**What is required:**
Please restate each line of the data below exactly. Omit all images.

**Source data:**

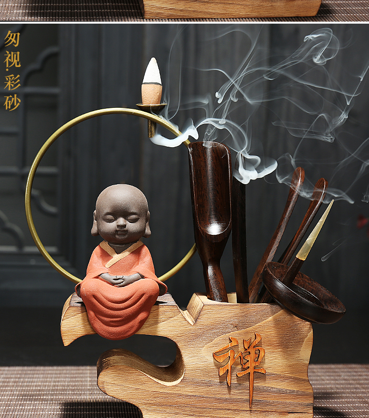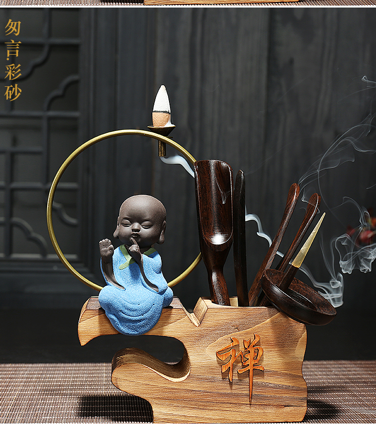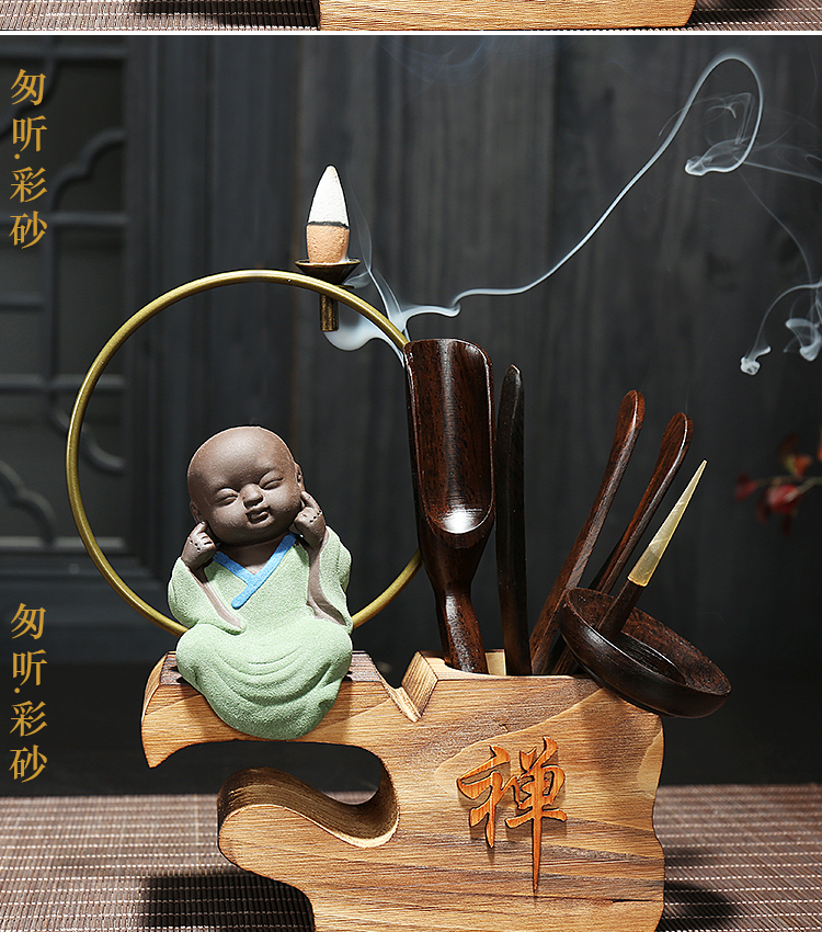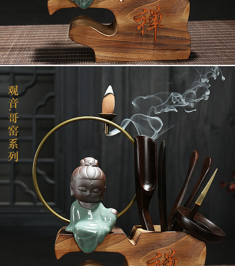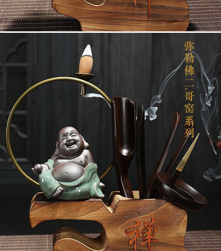 哥窯悟空(送香+筆+茶巾)紫砂倒流香茶寵擺件茶道六君子套裝黑檀實木功夫茶具配件組合
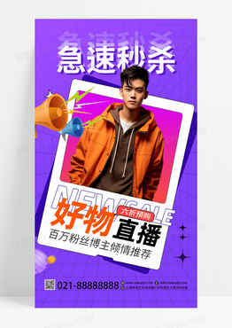 紫色双十一狂欢节直播海报活动促销手机海报
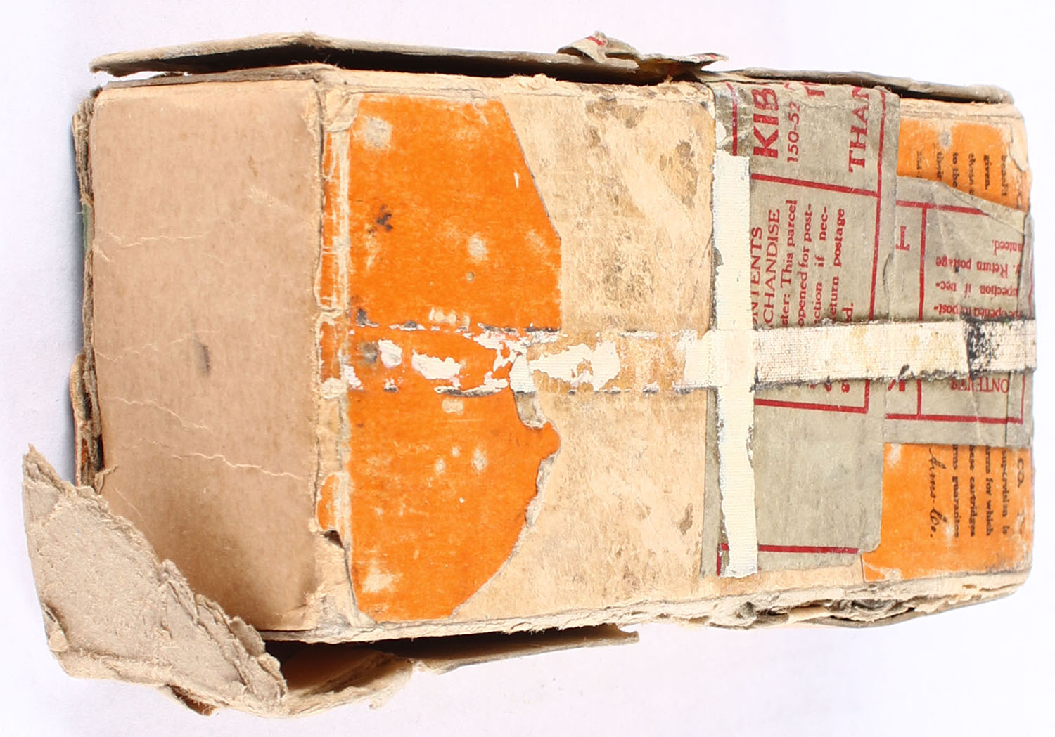 Winchester, .44 Colt, 210 Grain Lead Bullets, Partial 44rds., 2pc. Buff box with green & orange wraparound label, box ibis tattered with seam splits & one end missing, shows scuffing, label is ok, ammo is very good. Grade: Good ++ - Value: 50 to 150
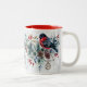 Les oiseaux sur le pin s'embranche avec des baies et des cônes de pin sur un fond en bois clair. Vitré à l'intérieur en rouge. Donnez ce cadeau d'amusement à un ami, ou ajoutez à votre collection de vacances. Construction, micro-onde et coffre-fort forts et en céramique de lave-vaisselle.

**Reply:**
 哥窯悟空(送香+筆+茶巾)紫砂倒流香茶寵擺件茶道六君子套裝黑檀實木功夫茶具配件組合
 紫色双十一狂欢节直播海报活动促销手机海报
 Winchester, .44 Colt, 210 Grain Lead Bullets, Partial 44rds., 2pc. Buff box with green & orange wraparound label, box ibis tattered with seam splits & one end missing, shows scuffing, label is ok, ammo is very good. Grade: Good ++ - Value: 50 to 150
 Les oiseaux sur le pin s'embranche avec des baies et des cônes de pin sur un fond en bois clair. Vitré à l'intérieur en rouge. Donnez ce cadeau d'amusement à un ami, ou ajoutez à votre collection de vacances. Construction, micro-onde et coffre-fort forts et en céramique de lave-vaisselle.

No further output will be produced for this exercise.